#### [Problem statement]
Could you retype the lines below, starting at the line holding "Blanca Luz Brum, presidenta" and stopping at the line holding "The V200 Ultra", inclusive? Copy them exactly and drop the images.

#### [Source information]
-------------------------
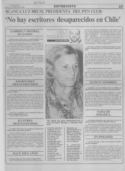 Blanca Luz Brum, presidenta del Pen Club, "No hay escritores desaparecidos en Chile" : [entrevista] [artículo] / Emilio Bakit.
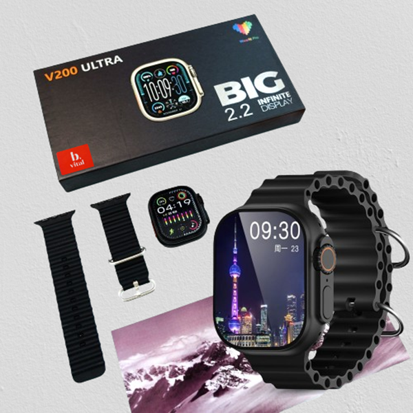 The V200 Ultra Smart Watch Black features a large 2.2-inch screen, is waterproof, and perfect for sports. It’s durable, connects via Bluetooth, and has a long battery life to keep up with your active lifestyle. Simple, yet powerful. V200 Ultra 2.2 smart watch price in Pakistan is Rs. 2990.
-------------------------
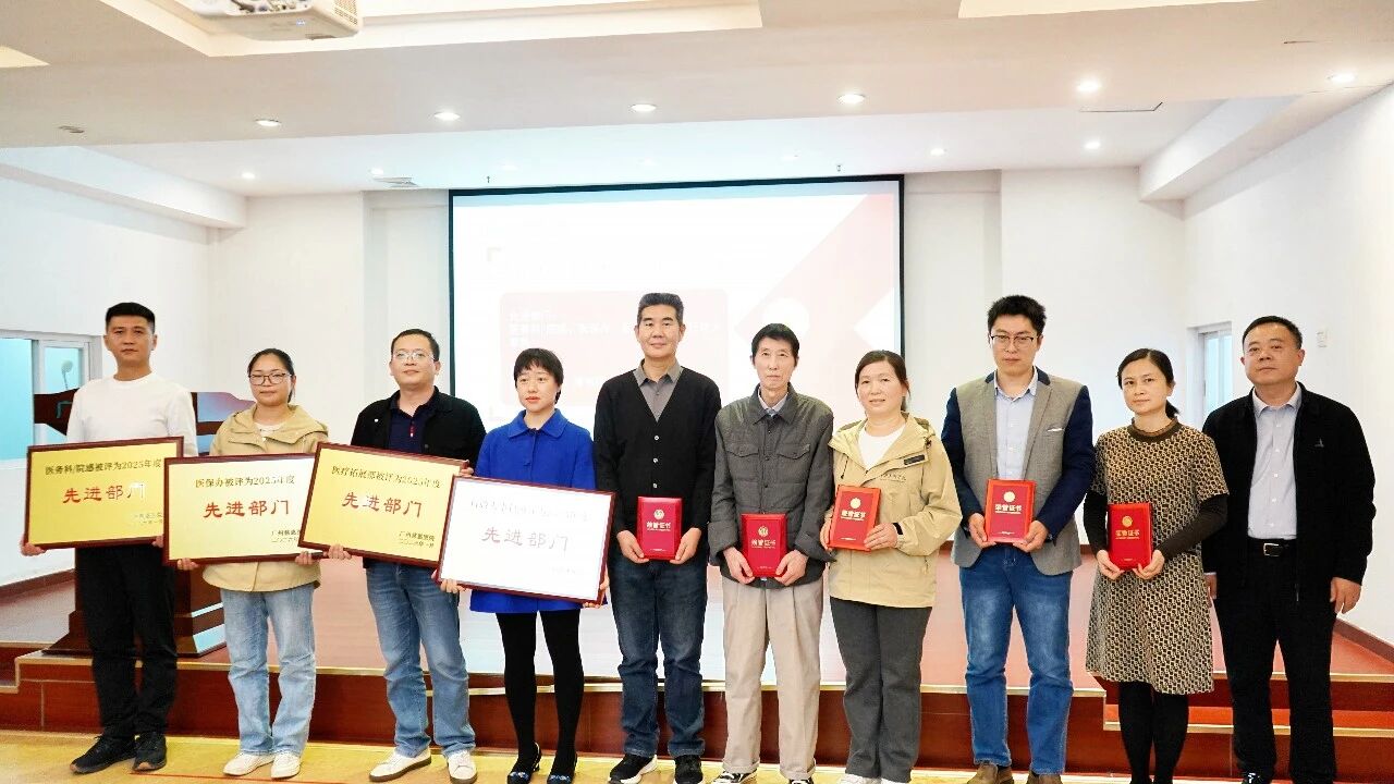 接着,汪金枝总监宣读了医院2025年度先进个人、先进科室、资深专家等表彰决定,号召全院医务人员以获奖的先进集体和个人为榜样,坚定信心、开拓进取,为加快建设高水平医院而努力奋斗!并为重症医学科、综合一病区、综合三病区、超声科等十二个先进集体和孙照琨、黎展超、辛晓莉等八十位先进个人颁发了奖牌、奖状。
-------------------------
#### [Answer space]
 Blanca Luz Brum, presidenta del Pen Club, "No hay escritores desaparecidos en Chile" : [entrevista] [artículo] / Emilio Bakit.
 The V200 Ultra Smart Watch Black features a large 2.2-inch screen, is waterproof, and perfect for sports. It’s durable, connects via Bluetooth, and has a long battery life to keep up with your active lifestyle. Simple, yet powerful. V200 Ultra 2.2 smart watch price in Pakistan is Rs. 2990.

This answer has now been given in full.